For higher throughput or more complex scheduling, dedicated queue systems (Sidekiq for Ruby, Celery for Python, BullMQ for Node, SQS for AWS) give better tooling and observability.
Why idempotency matters here
Visibility-timeout-based queues guarantee at-least-once delivery, not exactly-once. The flow:
- Worker A claims job 42, starts processing.
- Worker A successfully completes the work (charges the card).
- Worker A is killed before it can delete the job.
- Visibility timeout expires.
- Worker B claims job 42.
- Worker B charges the card again.
Without idempotency on the handler, the customer sees two charges. With idempotency (check "have I processed job 42?" before charging), worker B's attempt is a no-op.
What every system gets wrong
Three common mistakes:
No DLQ. Failed jobs retry forever. The queue grows. Real failures are buried in noise. Always have a DLQ and an alert on its size.
Non-idempotent handlers. "It only happens occasionally" is what people say right before the duplicate-charge incident. Make handlers idempotent from day one.
Treating the queue as a database. Long-running queries against the queue table; transactions held for the whole job duration; row-level locks competing with workers. Keep job processing fast (or move long work into the worker process, not held in the queue transaction).
Implementations
On failure, increment attempts, schedule with exponential backoff. After max attempts, move to dead-letter table for human inspection. Without DLQ, persistent failures pile up forever.

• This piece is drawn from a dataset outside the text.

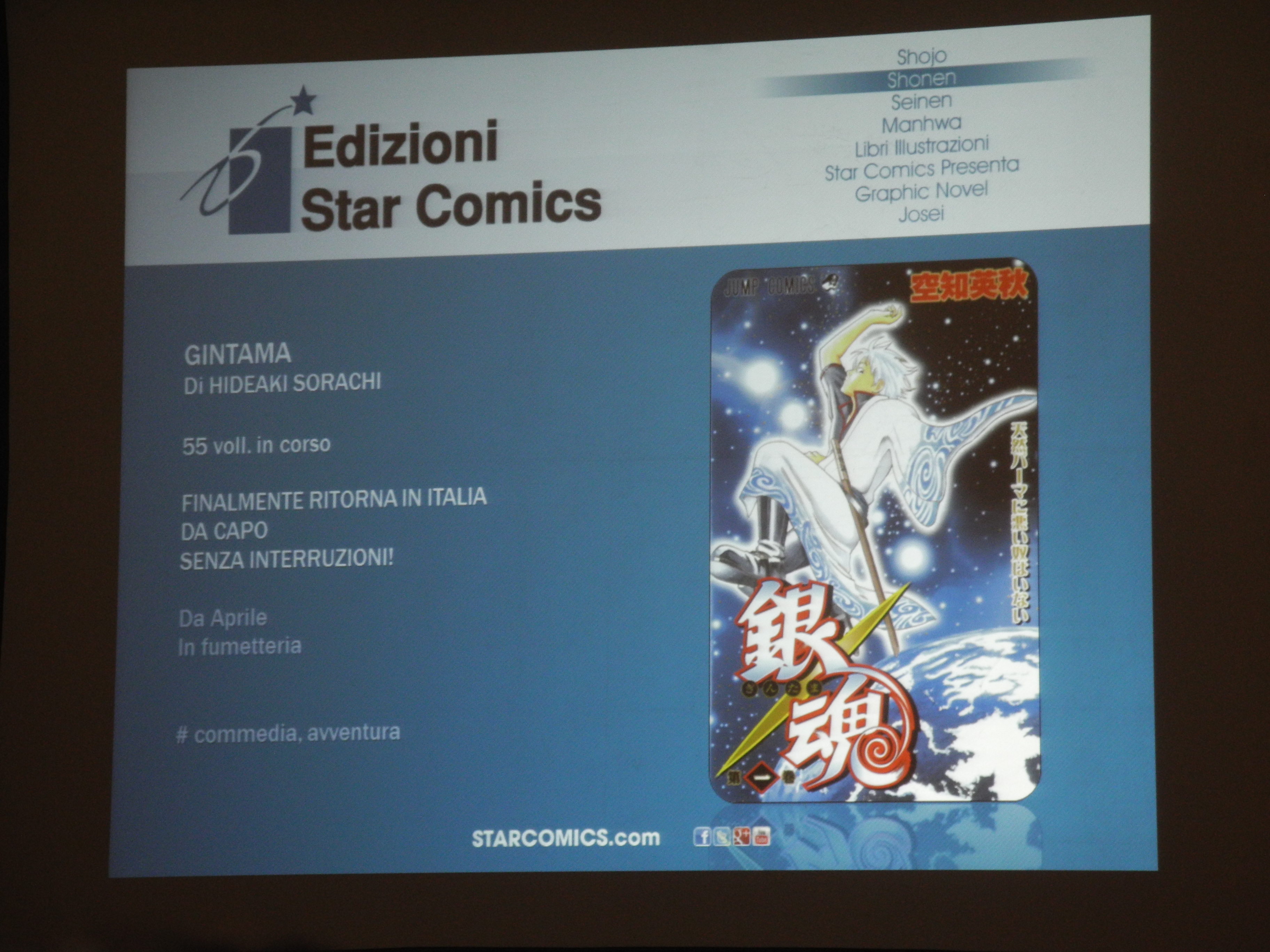 Ci� che ha fatto veramente notizia, e ha sollevato un boato all�interno della chiesa in era tenuta la conferenza, � stato l�annuncio di ristampa completo di Gintama. Un titolo che non ha bisogno di presentazioni. Un�impresa non da poco (55 volumi in corso) con una prima uscita doppia: ad Aprile, quando inizier� la serializzazione, usciranno in contemporanea i primi due volumi. Cos� da far contenti tutti.

1 public void onFailure(Job job, Throwable err) {
2 int next = job.attempts + 1;
3 if (next >= MAX_ATTEMPTS) {
4 jdbc.update("INSERT INTO jobs_dead (id, payload, attempts, last_error) " +
5 "VALUES (?, ?, ?, ?)",
6 job.id, job.payload, next, err.toString());
7 jdbc.update("DELETE FROM jobs WHERE id = ?", job.id);
8 metrics.counter("jobs.dead").increment();
9 return;
10 }
11 long backoffSec = (long) Math.pow(2, next); // 2, 4, 8, 16, ...

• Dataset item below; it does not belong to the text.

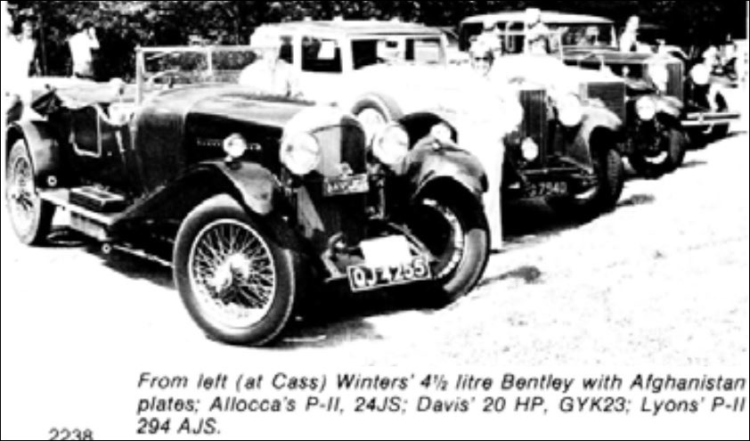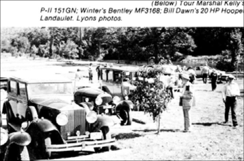 1. Second from left: Tour Marshal Kelly's P-ll 151 GN; Winter's Bentley MF3168; Bill Dawn's 20 HP Hooper Landaulet. Lyons photos.

12 jdbc.update("UPDATE jobs SET state='pending', attempts=?, " +
13 "run_at = now() + interval '1 second' * ? WHERE id = ?",
14 next, backoffSec, job.id);
15 }Key points
- •Durable storage so jobs survive restart. Memory-only queues lose work on crash.
- •Visibility timeout: when a worker pulls a job, hide it for N seconds. If the worker doesn't ack, it reappears.
- •Idempotency on the handler side: jobs can be delivered more than once (visibility timeout expiry, worker crashes after work but before ack).
- •Dead-letter queue (DLQ) for jobs that fail repeatedly. Don't retry forever; surface to humans.
- •Sidekiq/Resque (Redis), RQ (Redis), Celery (RabbitMQ or Redis broker), BullMQ (Redis), AWS SQS, and Postgres SKIP LOCKED are popular implementations. Only Sidekiq/RQ/BullMQ are Redis-native; Celery's primary broker is RabbitMQ (Redis is supported but not the default).
Follow-up questions
▸Why not just use a list in Redis (LPUSH/RPOP)?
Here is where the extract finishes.